I fully understand and agree with what you say with one minor exception and I'll get to that at the end.
I'll be the first to admit that since I retired in 2009 I have not kept up with what happens at the unit level, neither RegF and ResF. What I know about the situation today I have first hand from folks on this forum and others that I talk to which are mostly gunners.
That said, what you're describing is no different than what I saw around me as an RSSO from 1976-8 and thereafter as a legal advisor to ResF units until 2009.
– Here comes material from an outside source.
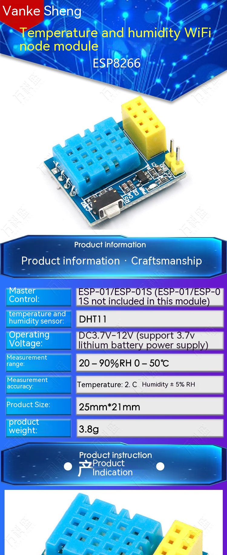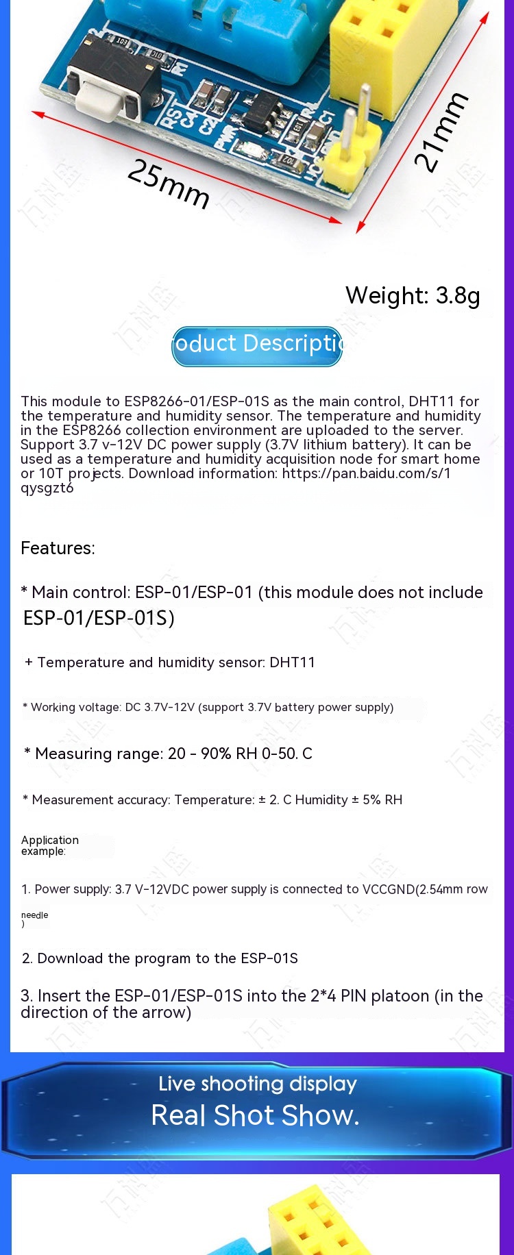 Operating voltage: DC 3.7V-12V (support 3.7V lithium battery power supply)

And that in a nutshell is the problem. I've been RegF and ResF for neigh onto 44 years and during all that time and the 15 years since, NOTHING HAS CHANGED FOR THE BETTER. In any corporate structure where one of its divisions has been recognized at being below standard, top down corrective action would have been taken. It hasn't been. Instead the top leadership has become satisfied with a ResF system that provides a mostly inefficient office overload program by way of Class Bs. And let me just deviate for a second to say that during my time I knew many Class Bs (especially at the NCM level) who were the foundation of what was holding some rickety RegF offices together by way of their individual talent and the fact that they provided stability in offices populated by frequently posted or stress leaved full-time military or civilian staff.)
Here's the place where you and I disagree a bit. Its the bit about "the willingness of the ARes to champion that change and push for it." I sat at what I cynically called the kids' table (Chief Res Council) for eight years. You don't have to be very bright to see when you are being fed "squirrel" issues to take your eyes off the things that matter in order to deal with the trivial. Much of our time was wasted on the constant drip we were being fed about the reserve force pension in those days.
@dapaterson will have a much better understanding of the timeline, but essentially it took DND and TB some seven or more years to implement a decision by parliament. In the meantime we blithely went on while we had reservists in combat and never addressed the elephant in the room that the only way we could deploy them was with extensive additional training and massive RegF supervision while the Americans were deploying National Guard brigades to both Iraq and Afghanistan. We couldn't deploy a platoon and no one cared. I watched equipment purchases going through where everyone nodded sagely and agreed that the reserves didn't need it and couldn't maintain it if given to them. I watched M109s being cut up for scrap rather than passed on to the reserves because they "couldn't handle them anyway." The RegF has a thousand excuses (usually its "the government doesn't give us enough money") for why the ResF is what it is but it has absolutely zero desire to take the absolutely critical and essential steps to move the goal posts forward.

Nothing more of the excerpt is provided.